- [Work request]
Please copy exactly the lines from the one containing "Get the stack" to the end of the entries, both included, and nothing else. Omit every picture.

- [Stored data]

• • •

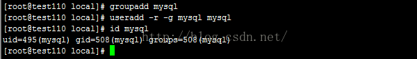 执行命令:groupadd mysql和useradd -r -g mysql mysql
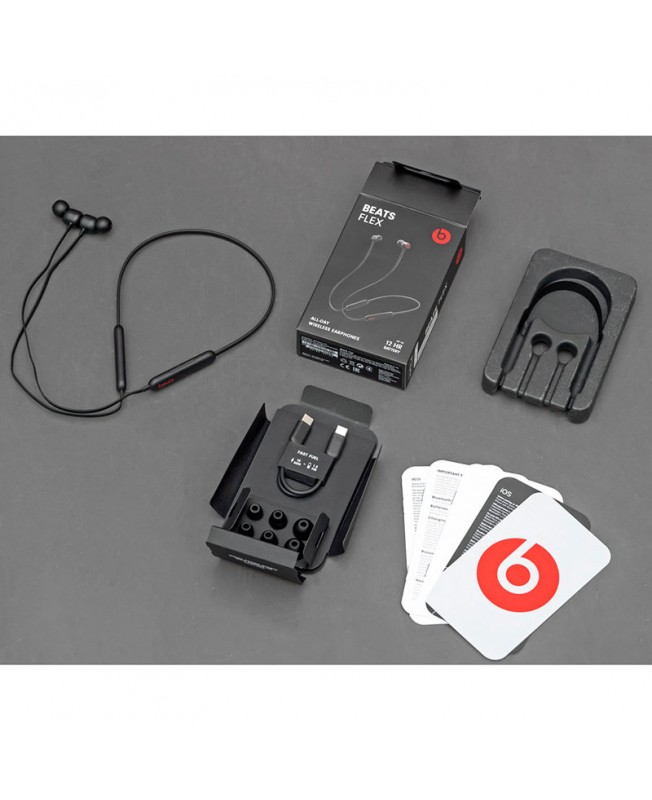 هندزفری بلوتوثی بیتس مدل Beats Flex دارای وزنی سبک و 18.6 گرمی است و از نوع تو گوشی می باشد. وقتی هدفون بلوتوثی بیتس Beats Flex را جعبه گشایی کنید ، علاوه بر خود ایرفون ، کابل شارژ دو سر Type-C ، پد های تو گوشی سیلیکونی و کاتالوگ کالا در جعبه محصول قرار دارد. نوع اتصال به Beats Flex نیز بصورت بلوتوثی است و با گوشی های اندرویدی و اپل سازگاری کامل دارد. با یک بار شارژ کامل می توان تا 12 ساعت از ایرفون بیتس Flex استفاده کرد که زمان خوبی برای یک ایرفون سبک می باشد. همچنین Beats Flex از شارژ سریع پشتیبانی می کند بدین صورت که به ازاء هر 10 دقیقه شارژ می توانید تا 1.5 ساعت از آن استفاده نمایید. برای انجام مکالمات هم می توانید روی Beats Flex حساب ویژه ای باز کنید ، چرا که یک میکروفون با کیفیت روی آن وجود دارد و انجام مکالمات را به خوبی منتقل می کند.
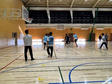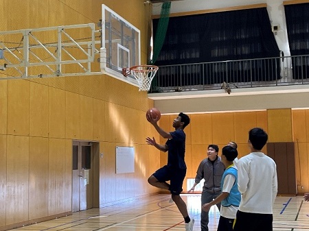 11月24日(金)、12月18日(月)の体育の授業に、大田区のプロバスケットボールチーム「アースフレンズ東京Z」の選手3名とU18のヘッドコーチに来ていただき、一緒にバスケットボールを行いました。
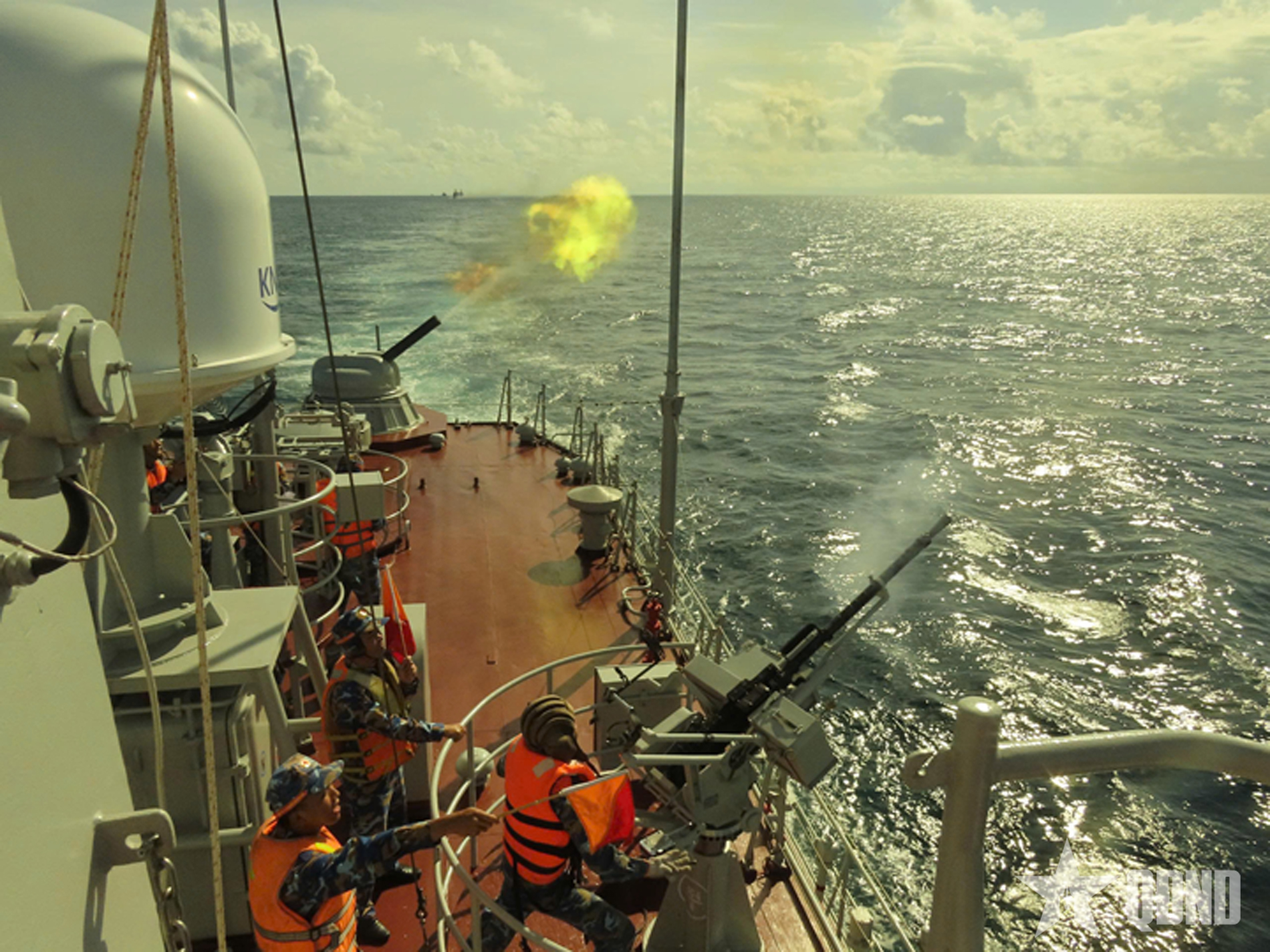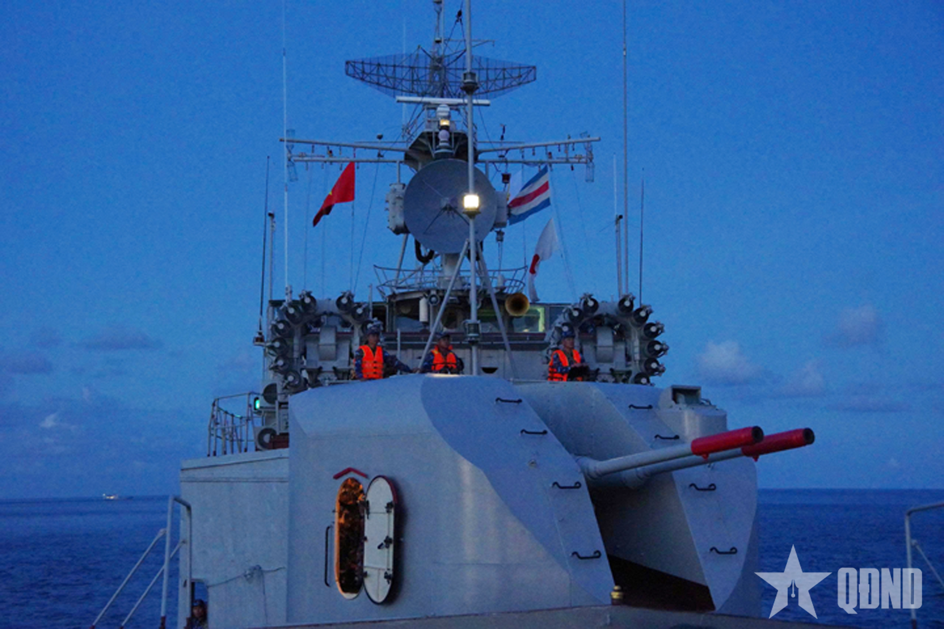 Tàu Vùng 2 Hải quân cơ động vào tuyến bắn mục tiêu di động ban đêm.
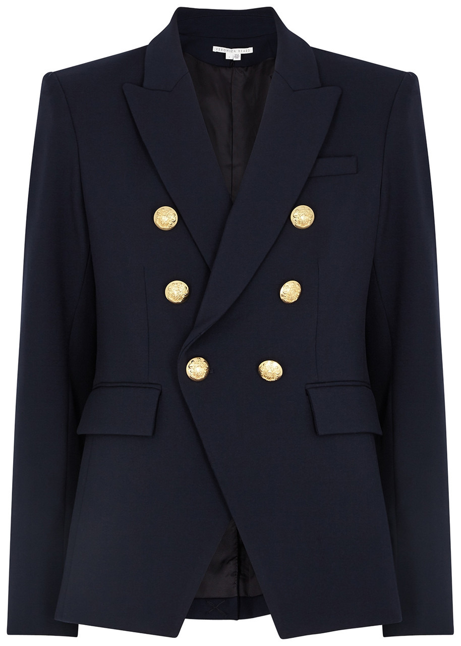 INFO & CARE - Veronica Beard black crepe blazer - Compatible with all Veronica Beard dickeys - Padded shoulders peaked lapels faux chest slit pocket two faux flap pockets button-fastening cuffs silver-tone engraved button embellishments back vent fully lined - Double-breasted button fastening at front - 63% polyester 27% viscose 7% cotton 3% elastane; lining 1: 52% cotton 48% polyester; lining 2: 100% polyester SIZE & FIT - Dry clean - Length shoulder to hem: 26 inches/ 66cm - Midweight - Semi-fitted style fitted at the waist - Model is 5'9"/ 175cm and wears a size UK8/ US4
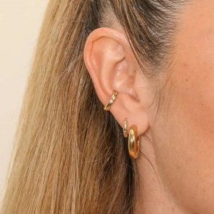 Get the stack of your dreams with the Cosmic Star Bold Huggies - a mystic stacking staple. These add a celestial statement with star engraving and dainty crystals. Wear them alone, or stack with hoops and studs to curate your own look
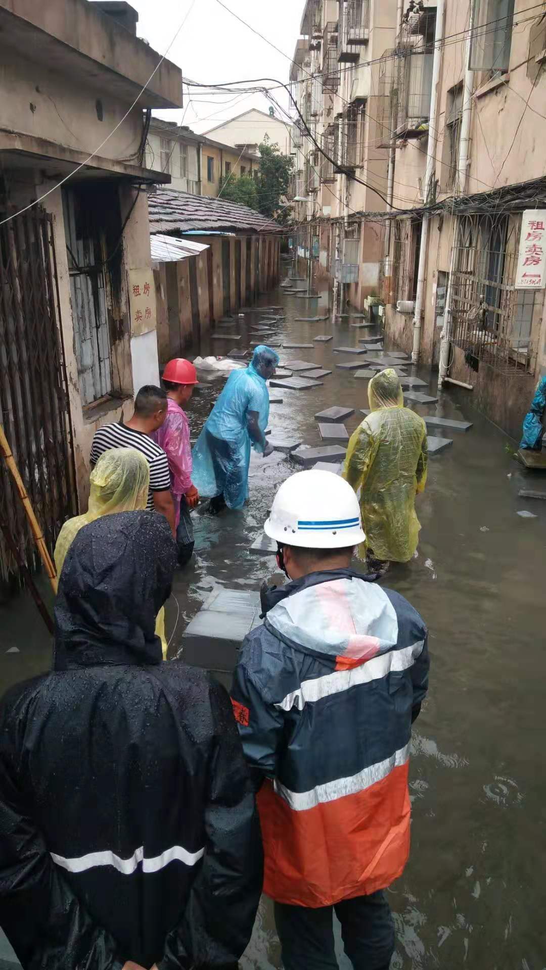 信谊社区历来是防汛防台重点区域,其中中塘路87弄,望童路9弄、41弄、55弄又是积水重灾区,此次台风来势汹汹,虽说居民群众已经提前备好了各类食品,老弱病残的该投亲靠友的都已经走了,可是剩下的人毕竟还要生活的。看着家门口的快要齐腰的一池黄水,真叫是近在咫尺,远在天涯,有家难回。
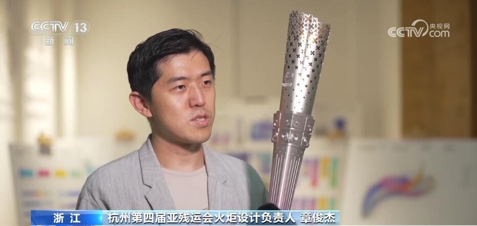 杭州第四屆亞殘運(yùn)會火炬設(shè)計(jì)負(fù)責(zé)人 章俊杰:玉琮是實(shí)證中華五千年(文明史)的良渚(遺址)文明當(dāng)中的一個重要禮器,我們把玉琮作為核心意象,外方內(nèi)圓,我們在舉起火炬的時候,所有人的視覺焦點(diǎn)玉琮它承上啟下,分別代表了不同的寓意。承上,我們用點(diǎn)點(diǎn)的星光匯聚成桂花桂冠,可以看到星光越來越稠密,這是我們希望體現(xiàn)整個火炬設(shè)計(jì)的積極向上的那種力量感;玉琮往下,在這個地方設(shè)計(jì)有幾十條的科技線,它就好像是綿延著人類的歷史和城市科技的脈絡(luò)。

• • •

- [Exercise output]
 Get the stack of your dreams with the Cosmic Star Bold Huggies - a mystic stacking staple. These add a celestial statement with star engraving and dainty crystals. Wear them alone, or stack with hoops and studs to curate your own look
 信谊社区历来是防汛防台重点区域,其中中塘路87弄,望童路9弄、41弄、55弄又是积水重灾区,此次台风来势汹汹,虽说居民群众已经提前备好了各类食品,老弱病残的该投亲靠友的都已经走了,可是剩下的人毕竟还要生活的。看着家门口的快要齐腰的一池黄水,真叫是近在咫尺,远在天涯,有家难回。
 杭州第四屆亞殘運(yùn)會火炬設(shè)計(jì)負(fù)責(zé)人 章俊杰:玉琮是實(shí)證中華五千年(文明史)的良渚(遺址)文明當(dāng)中的一個重要禮器,我們把玉琮作為核心意象,外方內(nèi)圓,我們在舉起火炬的時候,所有人的視覺焦點(diǎn)玉琮它承上啟下,分別代表了不同的寓意。承上,我們用點(diǎn)點(diǎn)的星光匯聚成桂花桂冠,可以看到星光越來越稠密,這是我們希望體現(xiàn)整個火炬設(shè)計(jì)的積極向上的那種力量感;玉琮往下,在這個地方設(shè)計(jì)有幾十條的科技線,它就好像是綿延著人類的歷史和城市科技的脈絡(luò)。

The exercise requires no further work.